Enforcing constraints in solvers for Hamiltonian systems introduces several new difficulties. The basic second-order splitting scheme for unconstrained problems is pretty easy to implement and verify. While the RATTLE algorithm looks to be not much more complicated, it's very easy to introduce subtle off-by-one errors -- for example, accidentally evaluating the constraint derivative at the midpoint instead of the starting position. These mistakes manifest themselves as slightly too large deviations from energy conservation, but these deviations aren't necessarily large in any relative sense. The resulting scheme might still converge to the true solution, in which case the energy deviation will go to zero for any finite time interval. So measuring the reduction in the energy errors asymptotically as $\delta t \to 0$ probably won't catch this type of problem. It may be possible to instead calculate what the next-order term is in the Hamiltonian for the modified system using the Baker-Campbell-Hausdorff formula, but that may be pretty rough in the presence of constraints.

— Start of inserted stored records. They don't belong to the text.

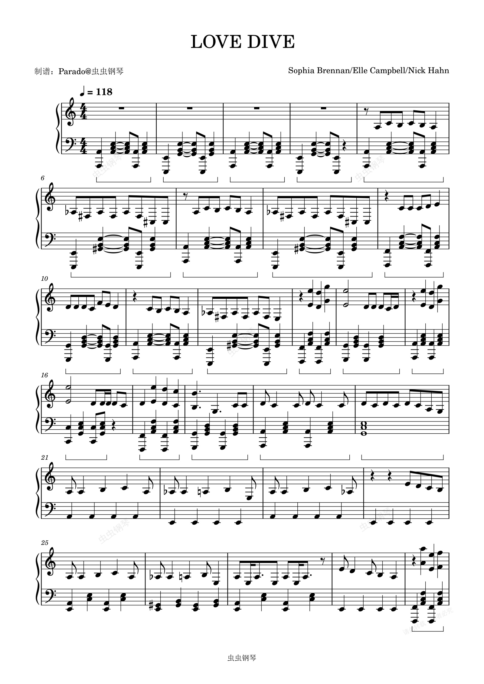 钢琴谱:【简易改编】LOVE DIVE - C调 - IVE
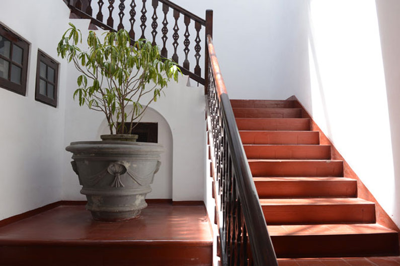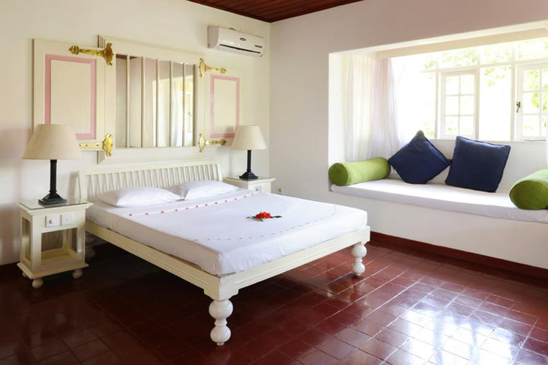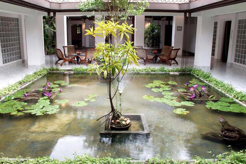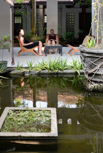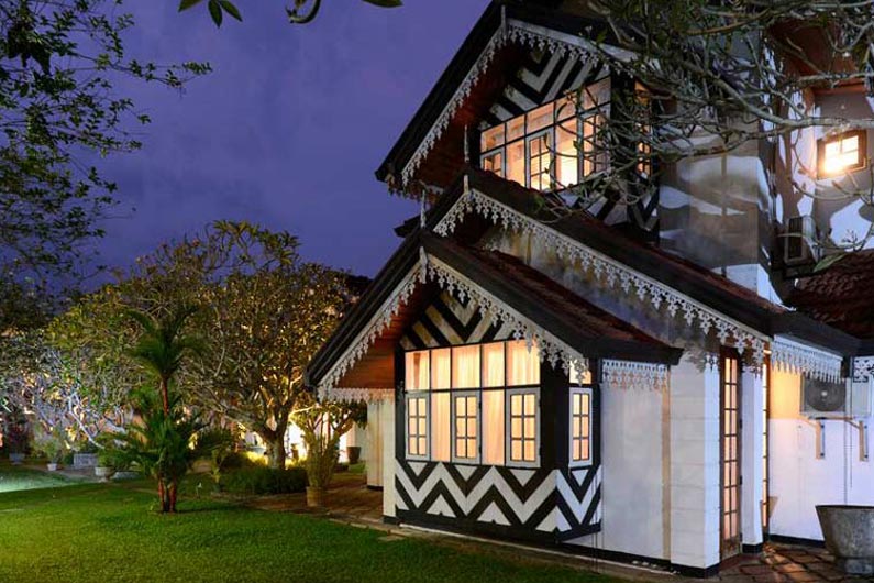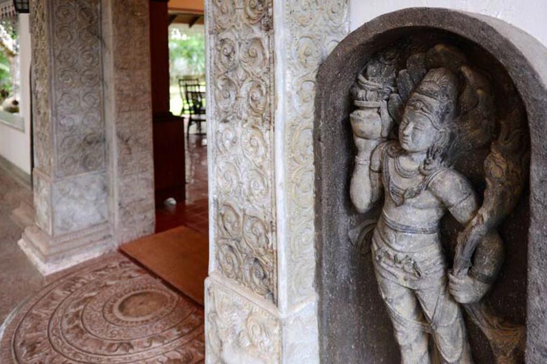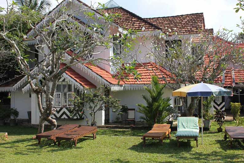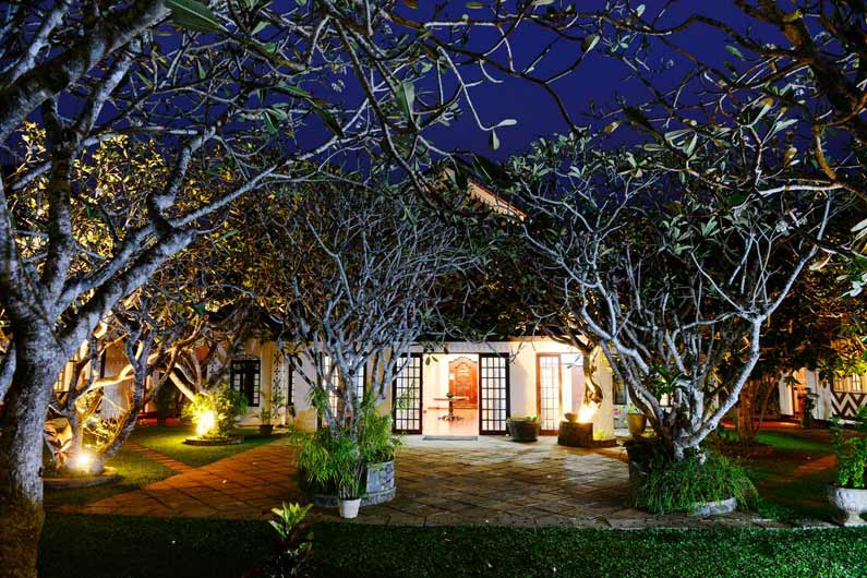 Die weitläufige Anlage mit historischem Ambiente ist ein echtes Kleinod und präsentiert sich als farbenfroh blühender Garten mit tropischen Pflanzen und schattenspendenden Kokospalmen. Die Villa im Kolonialstil bietet antikes Holzwerk, stilvolle Innenhöfe und Arkaden und entfaltet sich zu einem wahren Refugium. Hier lassen sich die wohltuenden Ayurveda-Behandlungen geniessen, ein Ort der Entspannung und Regeneration.
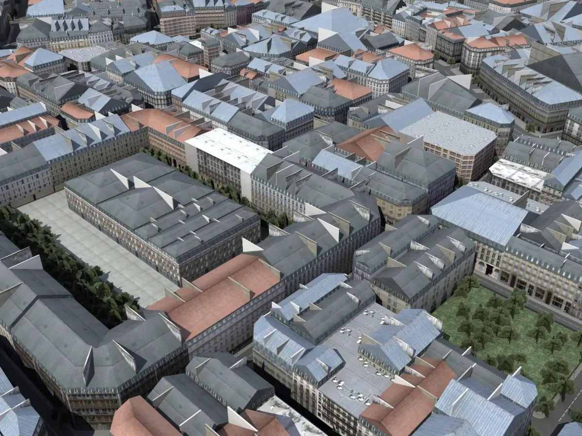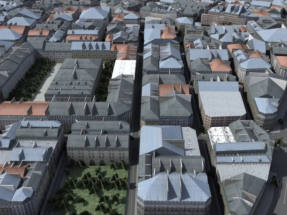 European style organic city core model. Includes apartments, offices, houses, shops, parks, roads and street furniture. Covers a large area(1.6km x 1.6km) with irregular 'organic' streets of varying width. Each building is unique. Max version includes lighting and cameras, ready to render (but not sky image).
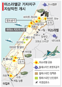 지난달 27일부터 가자 지구에 대해 전면전을 펼쳐온 이스라엘군은 공습 8일째인 이날 가자 지구로 진입해 지상전에 돌입했다.외신과 현지 언론에 따르면 이날 저녁 이스라엘 보병과 포병 수만명이 전투 헬리콥터의 지원 아래 가자 지구 북부로 진입했다.다음날인 4일 이스라엘군은 이 지역을 집중 공격한 뒤 고립시켜 가자 지구를 남북으로 분리했다고 외신들과 현지 언론이 전했다.
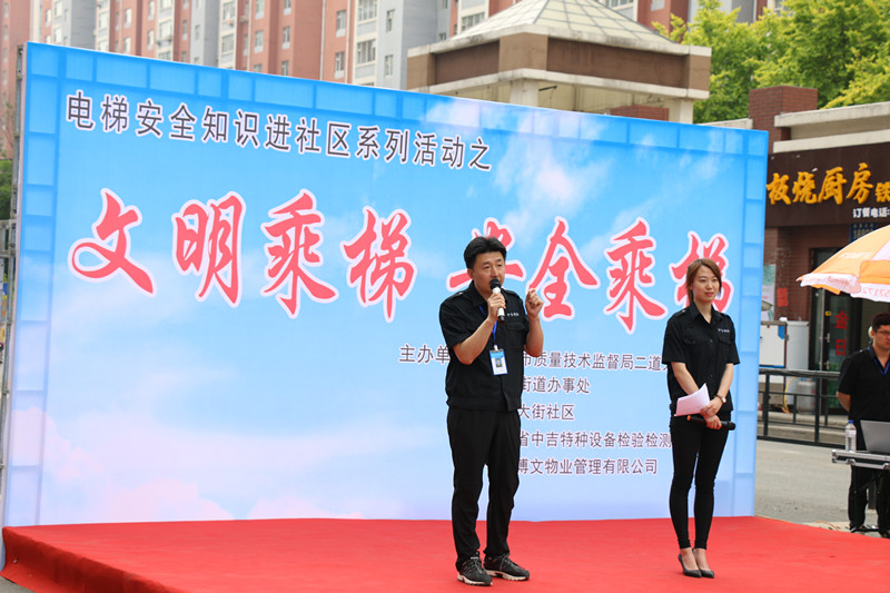 為迎接我國第十六個“安全生產(chǎn)月”, 6月17日上午9:00,由長春市質(zhì)量技術監(jiān)督局二道分局、會展街道辦事處、會展大街社區(qū)、吉林省中吉特種設備檢驗檢測有限公司、長春博文物業(yè)管理有限公司,在福臨家園小區(qū)共同舉辦電梯安全知識進社區(qū)之“文明乘梯 安全乘梯”宣講、電梯應急救援演練兩場活動。
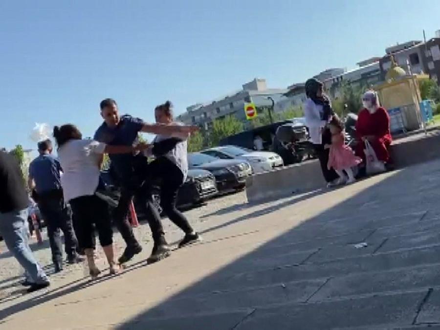 Tartışma kısa sürede kavgaya dönüştü. Polislere rağmen kadınlar tekme, tokat ve terlikleriyle birbirlerine saldırdı.
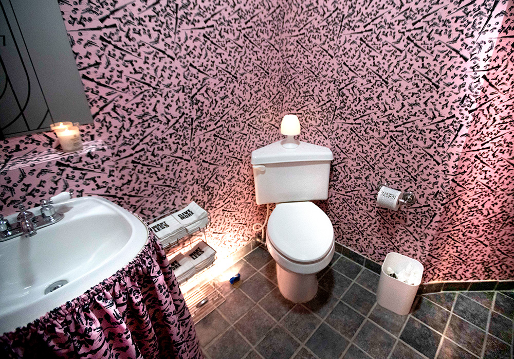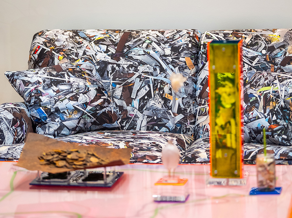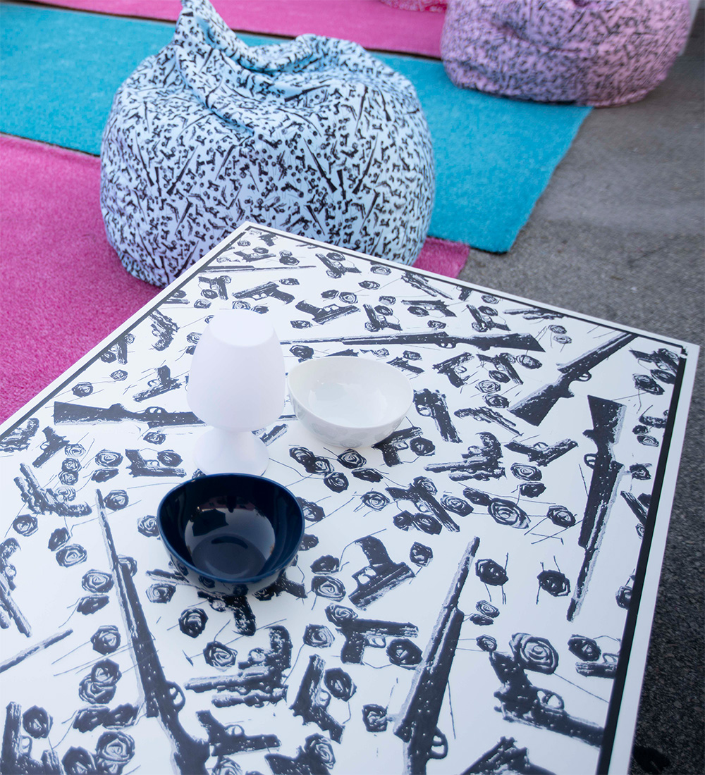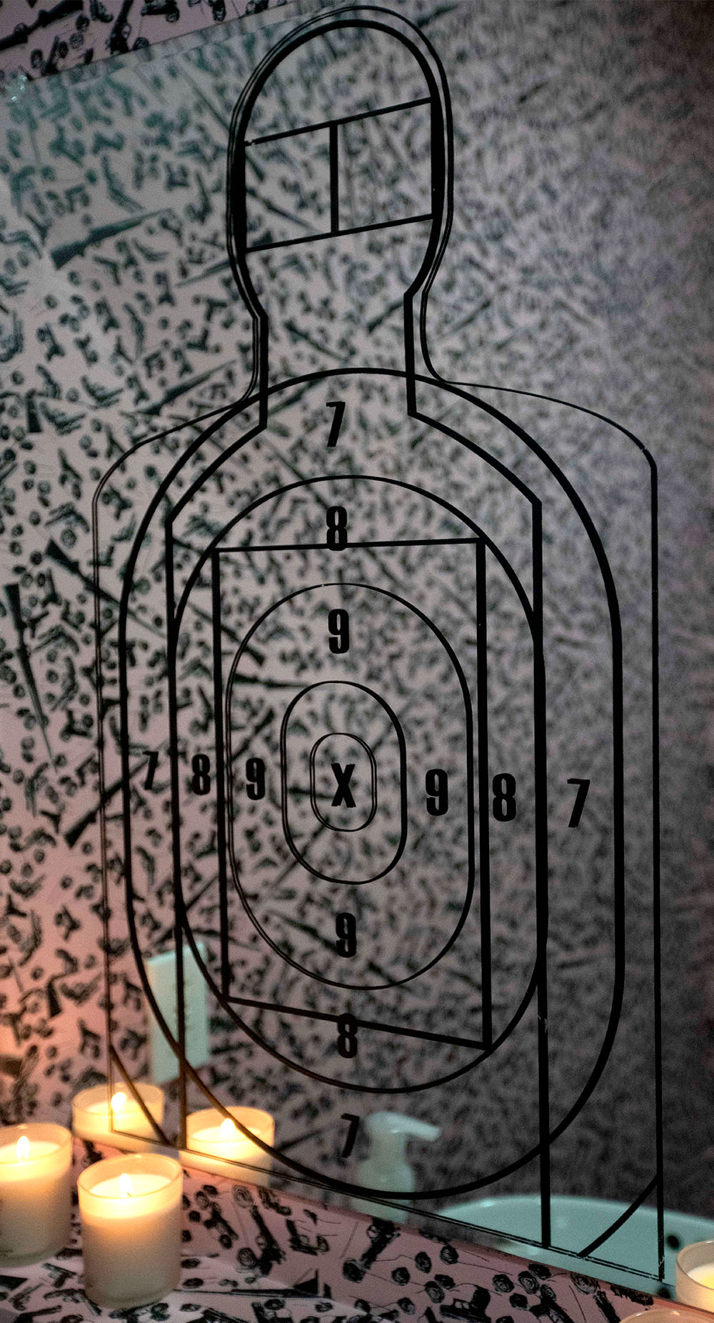 A spatial and thematic experience where every surface is covered in a variation of the same fabric printed with “guns and roses” imagery taken from previous sculptures. The space created provided a place to sit, but not to get too comfortable, while talking about the difficult ideas presented within the exhibition A Question of Morals.
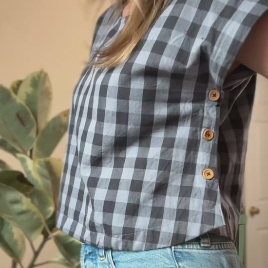 Katie Handwoven Cotton Shirt in Navy Gingham
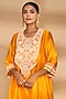 Featuring an orange kalidar kurta in chanderi base with applique work. Style it with dangler earrings for festive occasions.
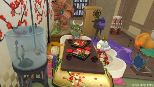 ふすまの奥はくつろぎ空間 2014/6/5 2015/9/8 ヒコの活動記録 2 ふすまを開けたお部屋の奥、ダストンさんとラグアス王子が こたつでぬくぬくおくつろぎ中。 じゃぁちょっとお邪魔して……。 おせちもそろってるし、こりゃあいい具合のくつろぎ感。 あーやれやれ世界の平和ってなんだっけ? しばらくお留守のこたたさんチの安全パトロール中。 ホントだよ。
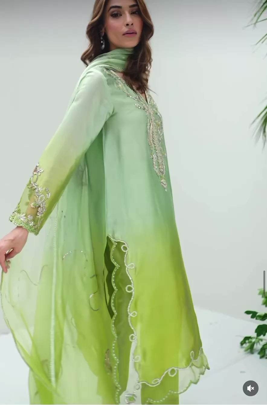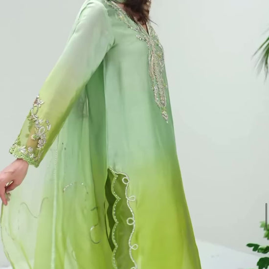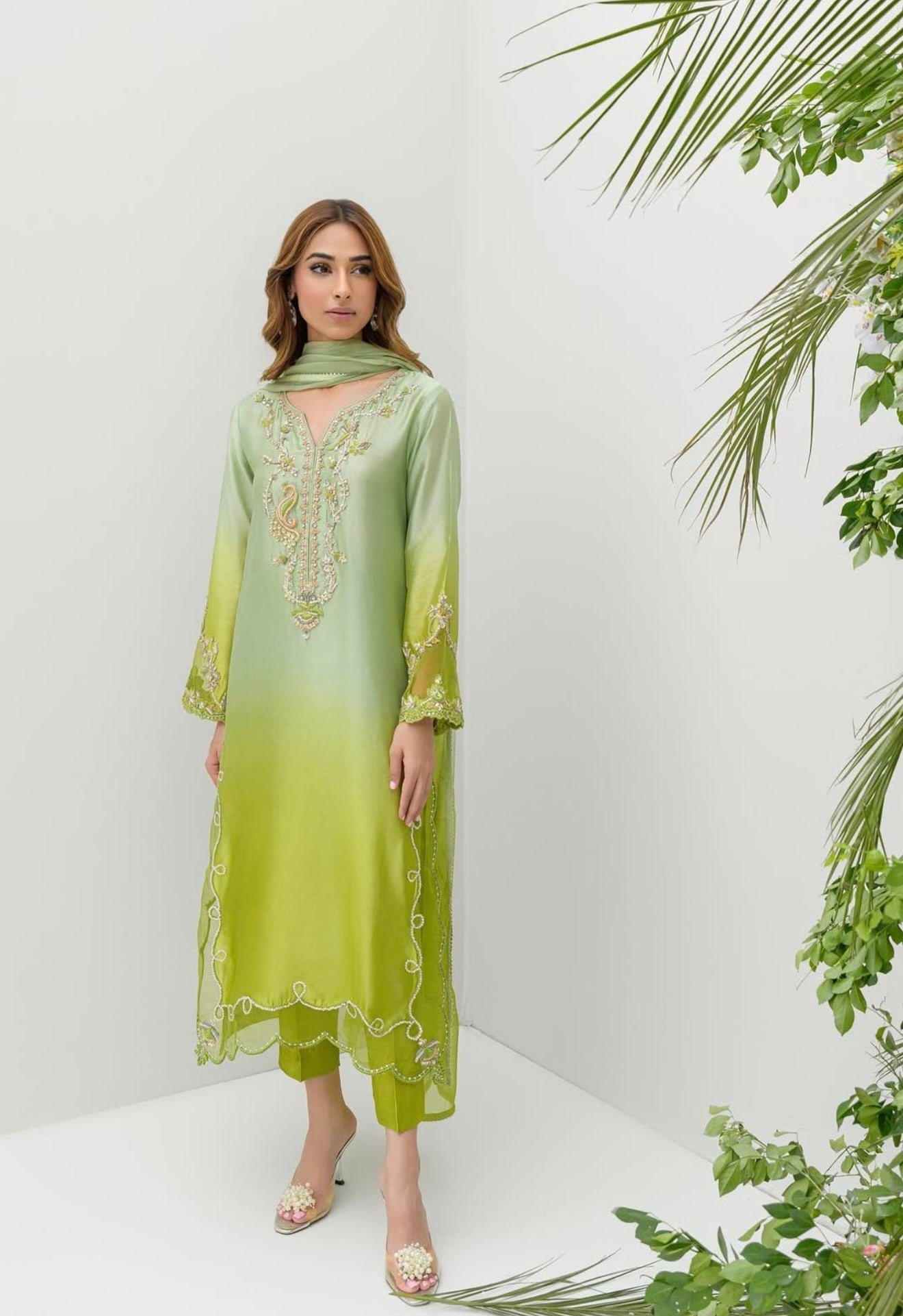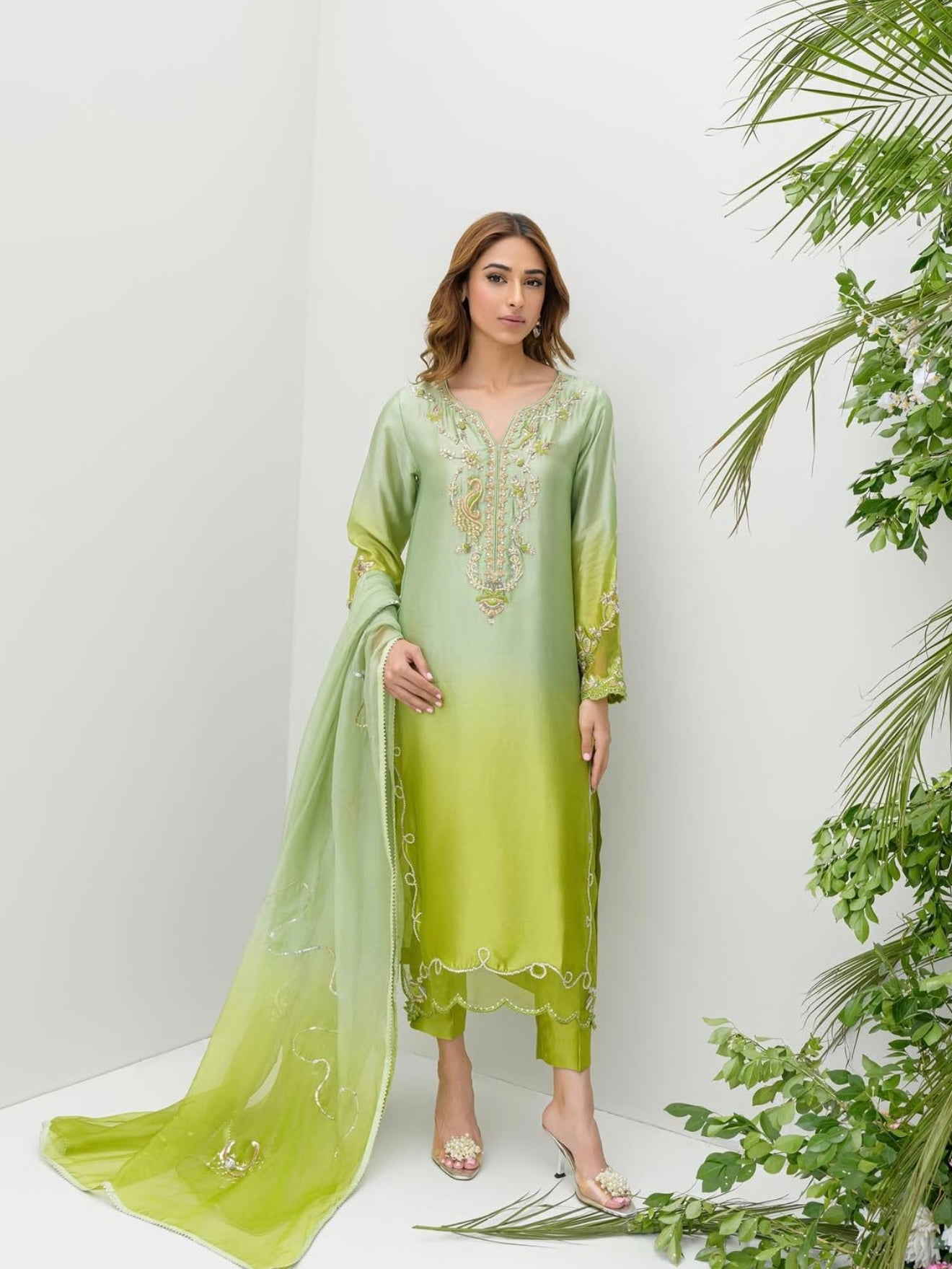 A lime-colored ombre long shirt, which transitions from a lighter to a deeper shade of green. With straight, narrow-cut pants and organza dupatta. The fabric is crafted from pure sheesha silk. Adorning the outfit is intricate silver kora work and Swarovski embellishments, which are strategically placed along the hemline, border, and dupatta.

The implementation may be fiddly and annoying, but it is still possible to preserve much of the symplectic structure when constraints are added. The fact that structure-preserving integrators exist at all shouldn't be taken as a given. For example, there don't appear to be any simple structure-preserving adaptive integration schemes; see chapter 9 of Leimkuhler and Reich. The shallow water equations are a Hamiltonian PDE and deriving symplectic schemes that include the necessary upwinding is pretty hard.

There are several respects in which the code I wrote above is sub-optimal. For the multi-particle simulation, the constraints are applied to each particle and consequently the constraint derivative matrix $J$ is very sparse and $J\cdot J^\top$ is diagonal. For expediency's sake, I just used a dense matrix, but this scales very poorly to more particles. A serious implementation would either represent $J$ as a sparse matrix or would go matrix-free by providing routines to calculate the product of $J$ or $J^\top$ with a vector. I also implemented the projection of the momentum back onto the cotangent space by solving the normal equations, which is generally speaking a bad idea. The matrix $J\cdot J^\top$ was diagonal for our problem, so this approach will probably work out fine. For more complex problems, we may be better off solving a least-squares problem with the matrix $J^\top$ using either the QR or singular value decomposition.

Finally, I used a simple interaction potential just so we could see something interesting happen. The potential goes to a finite value at zero separation, which is a little unphysical. A much more serious deficiency was that the potential is defined using the particles' coordinates in 3D Cartesian space. Ideally, we would do everything in a way that relies as little on how the surface is embedded into Euclidean space as possible, which would mean using the geodesic distance instead.